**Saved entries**
━━━━━━━━━━━━━━━━

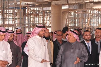 كما قام معاليه بزيارة لموقع المشاريع الإنشائية للكليات الجامعية لتفقد المشروع والوقوف على سير عمل المشروع والإطلاع على ما وصل إليه العمل واللقاء بالقائمين على المشروع ومتابعة المراحل التي تم انجازها، وتفقد كافة المباني الإنشائية، وناقش الصعوبات التي عرضت عليه من فريق عمل المشروع والهيئة الإشرافية بالوزارة، وقام بالاستماع لشرح تفصيلي عن المبنى وعن المدة المتبقية لاستلامه. وأكد معاليه على حرصه الشديد على الالتزام بالمواعيد المحددة وعلى سرعة إنجاز جميع المشاريع الجامعية وذلك ضمن المواصفات والمقاييس المعتمدة. هذا وقد رافقه في الزيارة المشرف على مشاريع الجامعة بوزارة التعليم العالي الدكتور المهندس عبدالله الصقير .
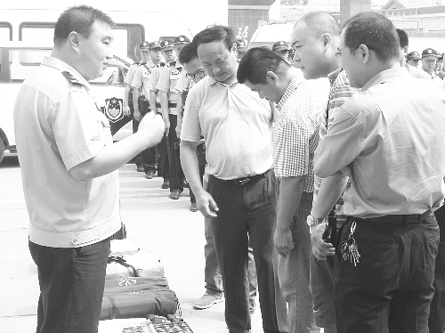 为进一步展示执法规范化建设所取得的突出成果,拉近民警与群众的距离,7月28日,辛集市公安局举办了“警营开放日”活动。辛集市人大代表、政协委员、群众代表、新闻媒体等各界人士参加了该活动。图为民警向参观人员介绍警用装备。 通讯员 徐静 摄
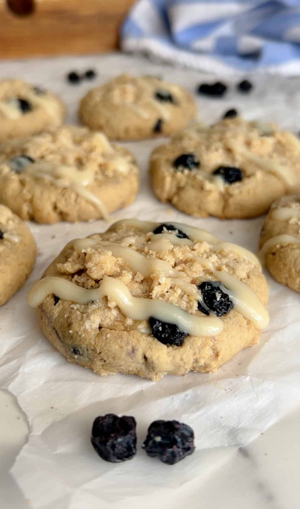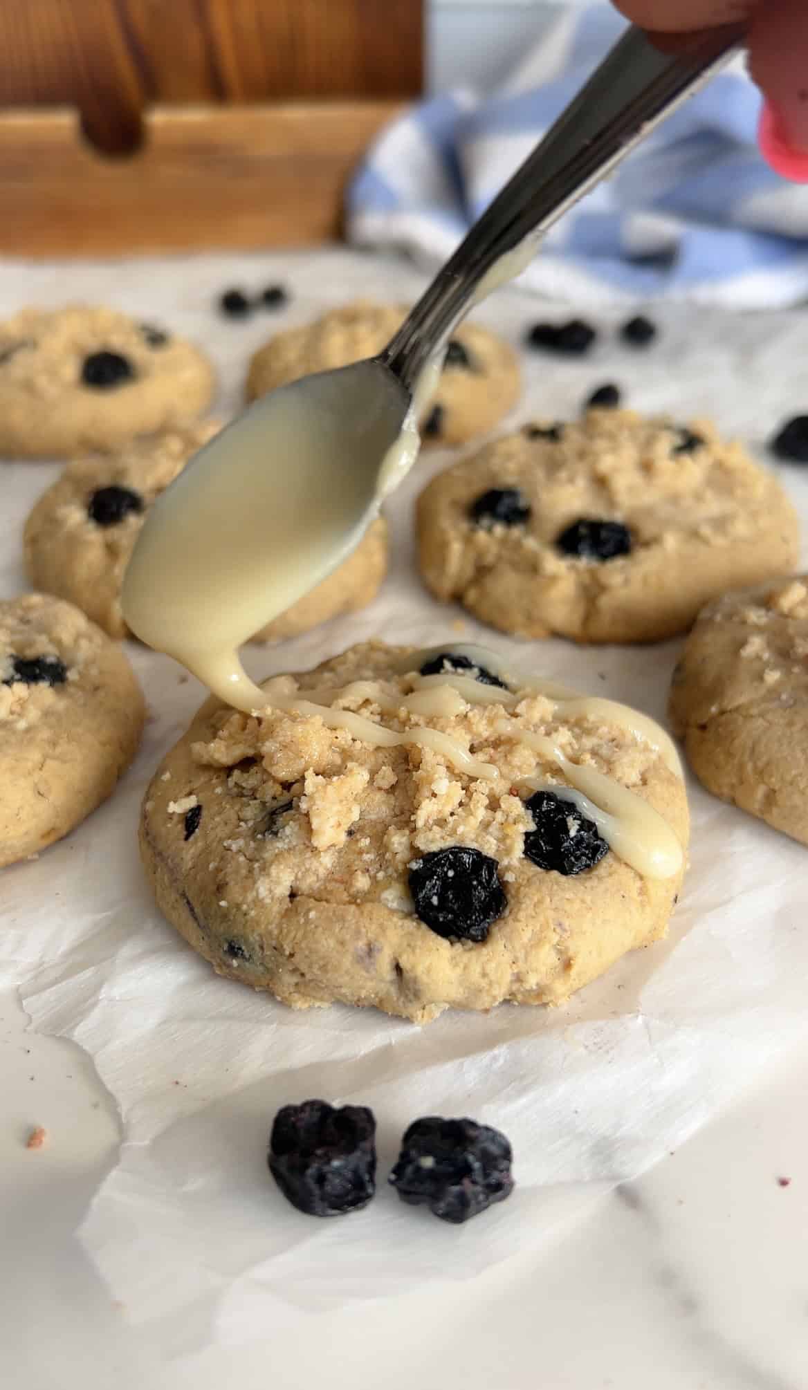 Soft & Chewy Blueberry Muffin Protein Cookies (with Coconut Butter Glaze!)
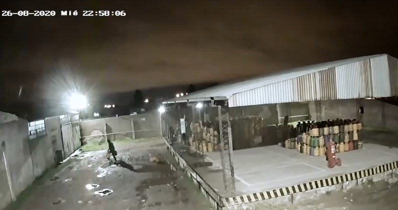El accionar sucedió a las 22,57 de este miércoles de acuerdo al registro fílmico del sistema de monitoreo. La imagen detectó el momento en que uno de los delincuentes egresa del depósito y se dirige a dicha plataforma en la que comienza a apoderarse de las garrafas.
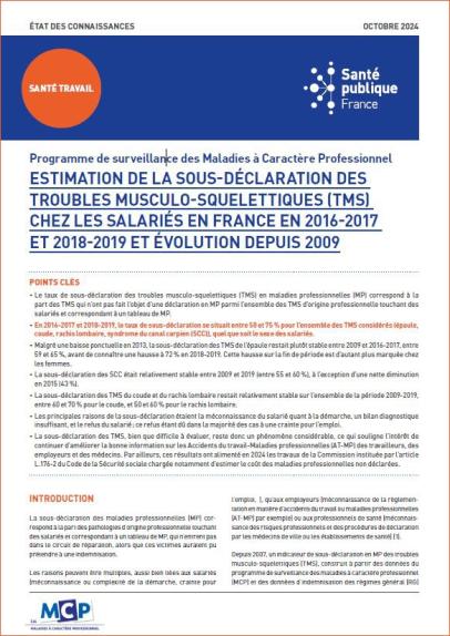 Work-Related Illness Surveillance Program. Estimation of underreporting of musculoskeletal disorders (MSDs) among employees in France in 2016–2017 and 2018–2019, and trends since 2009
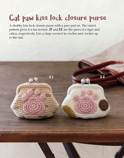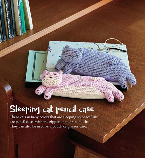 Instructions for crocheting these feline friends are given in the Japanese-style using visual charts and symbols that are easy to follow and clearly explained in a special section. The steps and diagrams walk you through the process of creating sweet little kitty items such as:
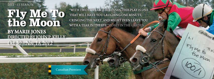 The downside being, I’m way behind now with this review! And I’m off to the next show in an hour and a half! No worries, eating is for the weak, everyone knows that. All this lad needs to keep himself going it some quality live theatre, and the double-helping I got a few days back should be enough to tide me over til Xmas. And by double, I mean I literally saw this show two times and two days in a row (one was my volunteer shift at the Great Canadian Theatre Company, for the preview showing), and then back again for opening night. And I can very honestly say not one moment of Marie Jones’ FLY ME TO THE MOON got stale on second viewing. I’m pretty sure I’d have no problem with a third…which is good, since I have another shift booked on the 18th.
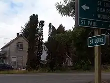 One of the oldest communities in the state, Saint Louis was founded in 1845 when a Jesuit missionary, Reverend Aloysius Verecuysee, built a log church there for the early settlers.[2][3] Saint Louis parish was organized in 1847 with a resident priest and named for St. Louis, King of France.[2] It was the third parish organized in what is now the Archdiocese of Portland.[4] The Saint Louis Catholic Church, built in 1880 on the site of the original Saint Louis cemetery, is still in operation.[5][6] It is the oldest wooden church in the archdiocese.[4] The current Saint Louis cemetery is northwest of the church.[7] Saint Louis post office operated from 1860 until 1901; today Saint Louis has a Gervais mailing address.[2] At one time the community had a school and store.[3]

━━━━━━━━━━━━━━━━

**Problem to work on**
Could you reproduce every record above exactly, leaving out the pictures?

**Result of this exercise**
 كما قام معاليه بزيارة لموقع المشاريع الإنشائية للكليات الجامعية لتفقد المشروع والوقوف على سير عمل المشروع والإطلاع على ما وصل إليه العمل واللقاء بالقائمين على المشروع ومتابعة المراحل التي تم انجازها، وتفقد كافة المباني الإنشائية، وناقش الصعوبات التي عرضت عليه من فريق عمل المشروع والهيئة الإشرافية بالوزارة، وقام بالاستماع لشرح تفصيلي عن المبنى وعن المدة المتبقية لاستلامه. وأكد معاليه على حرصه الشديد على الالتزام بالمواعيد المحددة وعلى سرعة إنجاز جميع المشاريع الجامعية وذلك ضمن المواصفات والمقاييس المعتمدة. هذا وقد رافقه في الزيارة المشرف على مشاريع الجامعة بوزارة التعليم العالي الدكتور المهندس عبدالله الصقير .
 为进一步展示执法规范化建设所取得的突出成果,拉近民警与群众的距离,7月28日,辛集市公安局举办了“警营开放日”活动。辛集市人大代表、政协委员、群众代表、新闻媒体等各界人士参加了该活动。图为民警向参观人员介绍警用装备。 通讯员 徐静 摄
 Soft & Chewy Blueberry Muffin Protein Cookies (with Coconut Butter Glaze!)
El accionar sucedió a las 22,57 de este miércoles de acuerdo al registro fílmico del sistema de monitoreo. La imagen detectó el momento en que uno de los delincuentes egresa del depósito y se dirige a dicha plataforma en la que comienza a apoderarse de las garrafas.
 Work-Related Illness Surveillance Program. Estimation of underreporting of musculoskeletal disorders (MSDs) among employees in France in 2016–2017 and 2018–2019, and trends since 2009
 Instructions for crocheting these feline friends are given in the Japanese-style using visual charts and symbols that are easy to follow and clearly explained in a special section. The steps and diagrams walk you through the process of creating sweet little kitty items such as:
 The downside being, I’m way behind now with this review! And I’m off to the next show in an hour and a half! No worries, eating is for the weak, everyone knows that. All this lad needs to keep himself going it some quality live theatre, and the double-helping I got a few days back should be enough to tide me over til Xmas. And by double, I mean I literally saw this show two times and two days in a row (one was my volunteer shift at the Great Canadian Theatre Company, for the preview showing), and then back again for opening night. And I can very honestly say not one moment of Marie Jones’ FLY ME TO THE MOON got stale on second viewing. I’m pretty sure I’d have no problem with a third…which is good, since I have another shift booked on the 18th.
 One of the oldest communities in the state, Saint Louis was founded in 1845 when a Jesuit missionary, Reverend Aloysius Verecuysee, built a log church there for the early settlers.[2][3] Saint Louis parish was organized in 1847 with a resident priest and named for St. Louis, King of France.[2] It was the third parish organized in what is now the Archdiocese of Portland.[4] The Saint Louis Catholic Church, built in 1880 on the site of the original Saint Louis cemetery, is still in operation.[5][6] It is the oldest wooden church in the archdiocese.[4] The current Saint Louis cemetery is northwest of the church.[7] Saint Louis post office operated from 1860 until 1901; today Saint Louis has a Gervais mailing address.[2] At one time the community had a school and store.[3]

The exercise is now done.